Transcribe the listing in full, excluding any pictures.
╭─ DATASET CONTENT
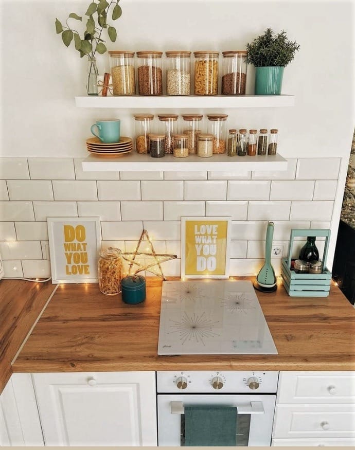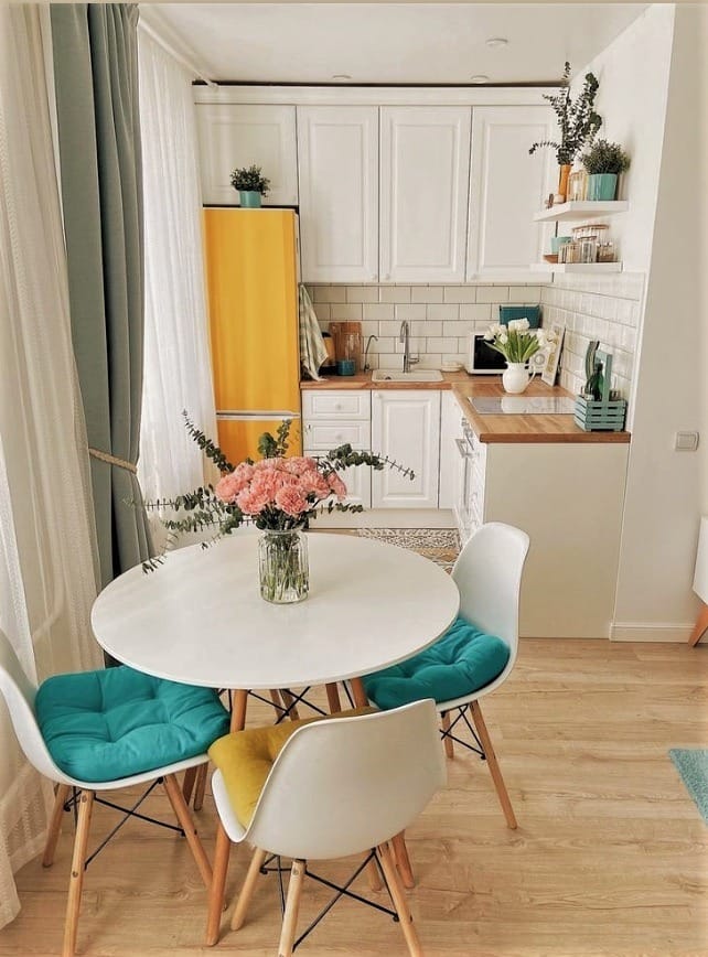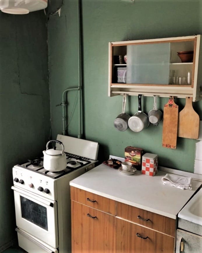 Rohová sestava se sněhově bílými fasádami, kontrastní zástěra z bílých dlaždic a žlutá lednice (ve skutečnosti je bílá – zžloutla kvůli přilepené fólii nahoře), která se stala neobvyklým akcentem, vytvořila jedinečný styl interiéru.
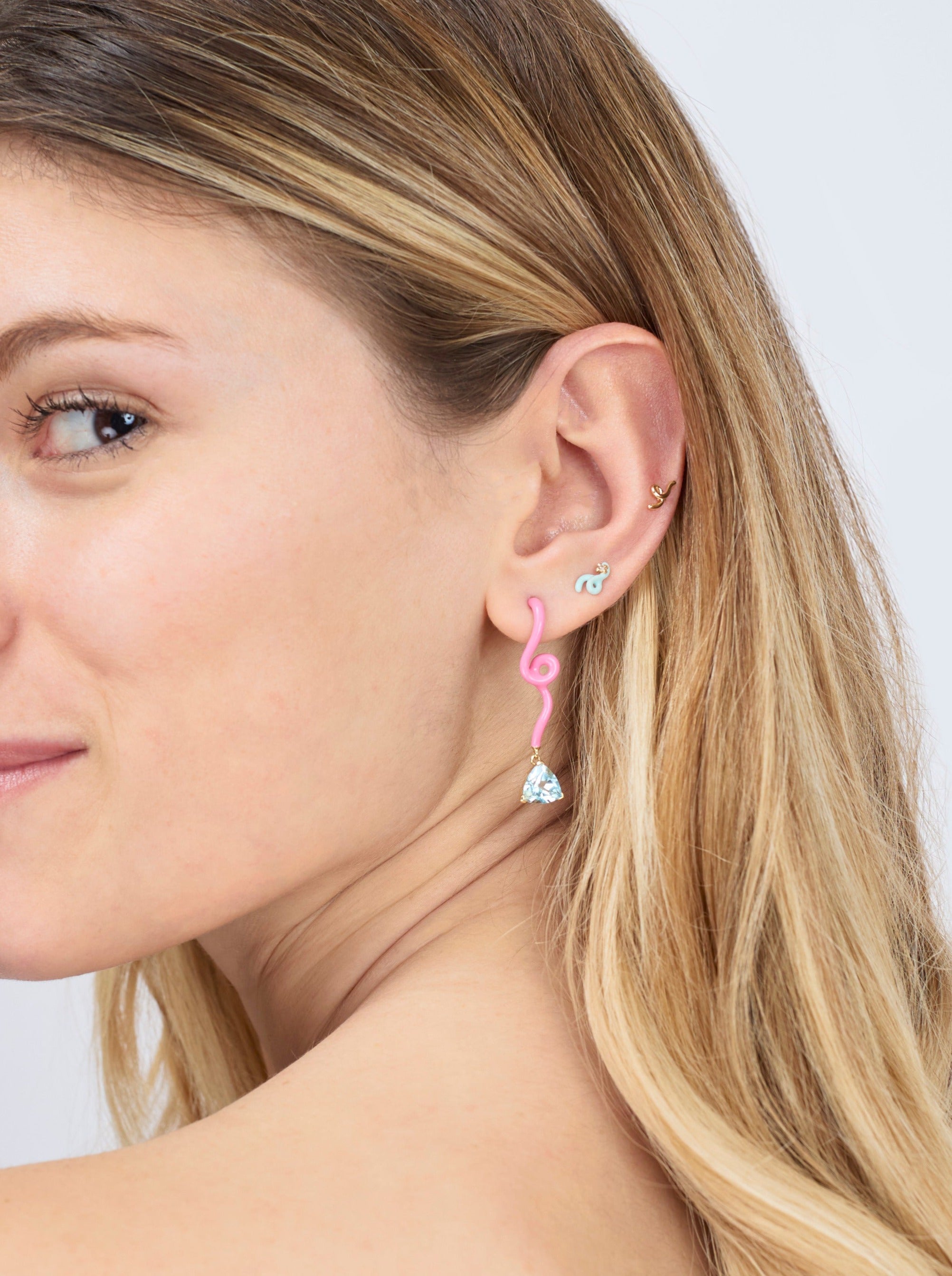 Trillion vine pendant earrings in yellow gold, featuring bubblegum pink enamel and trillion-cut topaz.
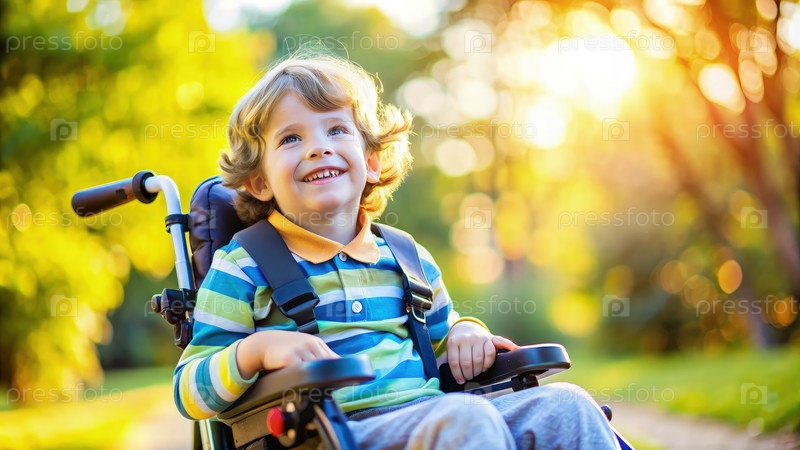 Счастливый ребенок в инвалидной коляске улыбается при закате солнца в парке
╰─
*OUTPUT BELOW*.
 Rohová sestava se sněhově bílými fasádami, kontrastní zástěra z bílých dlaždic a žlutá lednice (ve skutečnosti je bílá – zžloutla kvůli přilepené fólii nahoře), která se stala neobvyklým akcentem, vytvořila jedinečný styl interiéru.
 Trillion vine pendant earrings in yellow gold, featuring bubblegum pink enamel and trillion-cut topaz.
 Счастливый ребенок в инвалидной коляске улыбается при закате солнца в парке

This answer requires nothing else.